I must admit that I don’t have an answer to the issues raised in this blog and nor have I provided a number to call if you have been affected by any of them.  Nevertheless, I fondly like to think that there must be better options than are currently being used.  Maybe this needs greater co-operation between venues or with whatever remains of the cultural arms of local authorities, which may not be much after years of reducing the funding for soi-disant non-essential activities.  Perhaps it needs targetted funding by Arts Council England or similar body – but I suspect it will need to cover more than one week per year.  Or is it down to us as audience members to come together to physically drag people from their sofas to come out and have fun?  I reckon every four audience members could between them frog-march a fifth to a venue and force them to have a good time.  I’m hoping this would only need to be done a few times before they become a convert and start proselytising themselves. There may be minor legal issues with this approach, but there is a greater good involved!  Perhaps Public Health England would be interested?  Leaving the settee, walking to a venue and some bopping, moshing or grooving once there would all surely be some help to the beleaguered NHS – though the associated drinking might be a downside.

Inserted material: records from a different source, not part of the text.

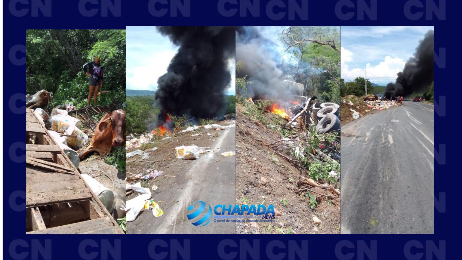 Com a colisão a carreta pegou fogo. Já o ‘Boiadeiro’ estava carregado com quatro bois, e assim como o condutor, todos morreram, em meio à vegetação.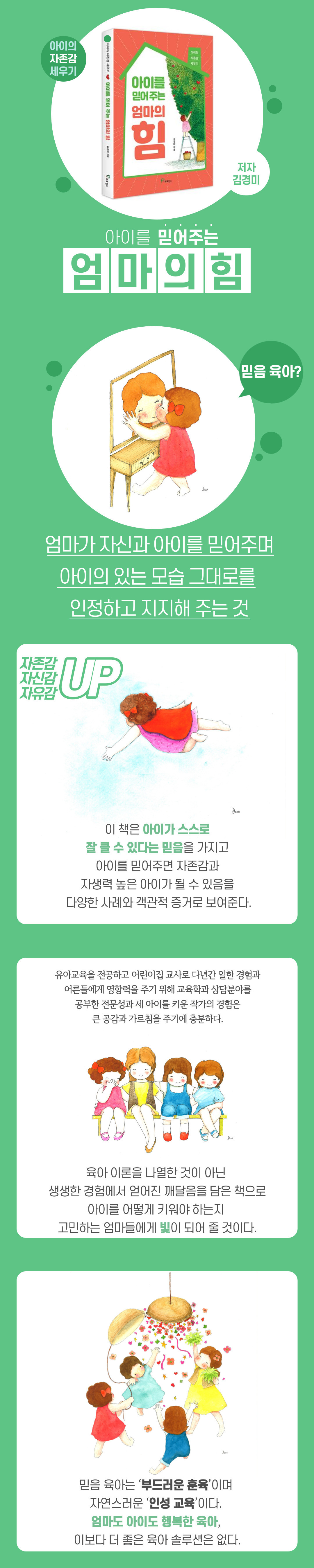 많은 아이들이 엄마의 믿음을 먹으며 자라나 자존감이 건강한 아이로 성장하여 행복하게 자신의 길을 걸어가기를 바라봅니다. 또한 엄마와 아이들이 좀 더 편안하고 행복한, 육아 세상을 꿈꿉니다.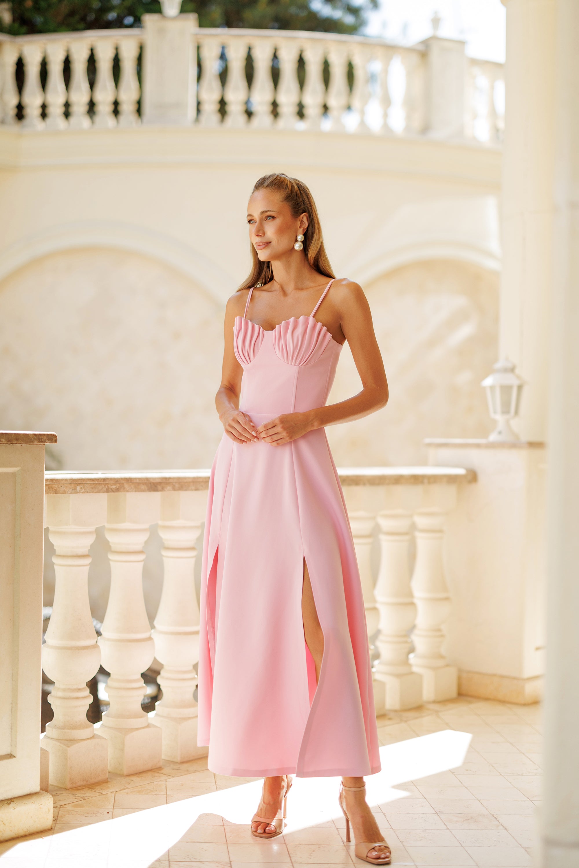 Pink Shell-Pleated Bustier Spaghetti Strap Midi Dress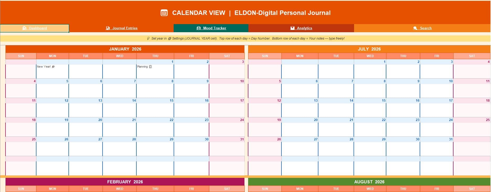 Full-Year Calendar View -A beautiful 12-month calendar showing ALL months side by side. Set your year once in Settings and every single month auto-updates instantly! Each day has a compact number row + a spacious writing row for your notes. ποΈ

Talking of drinking, my liver may well be wilting under the consumption of beer purchased to maximise my support for venues, which obtain most of their revenue from bar sales.  Given the high level of duty on beer, I do find myself wondering if this is the best drinking option from the venue’s perspective.  Should I be switching to spirits, or does tea or a soft drink have greater margins?  I, and my hard-worked liver, need answers!  Sticking to session ales can only take a chap so far…

The word limit lies in tatters, but my chest feels a good deal lighter and this blog is written for my benefit not yours.  Still, for those feeling in need of an insincere apology please feel free to infer one here.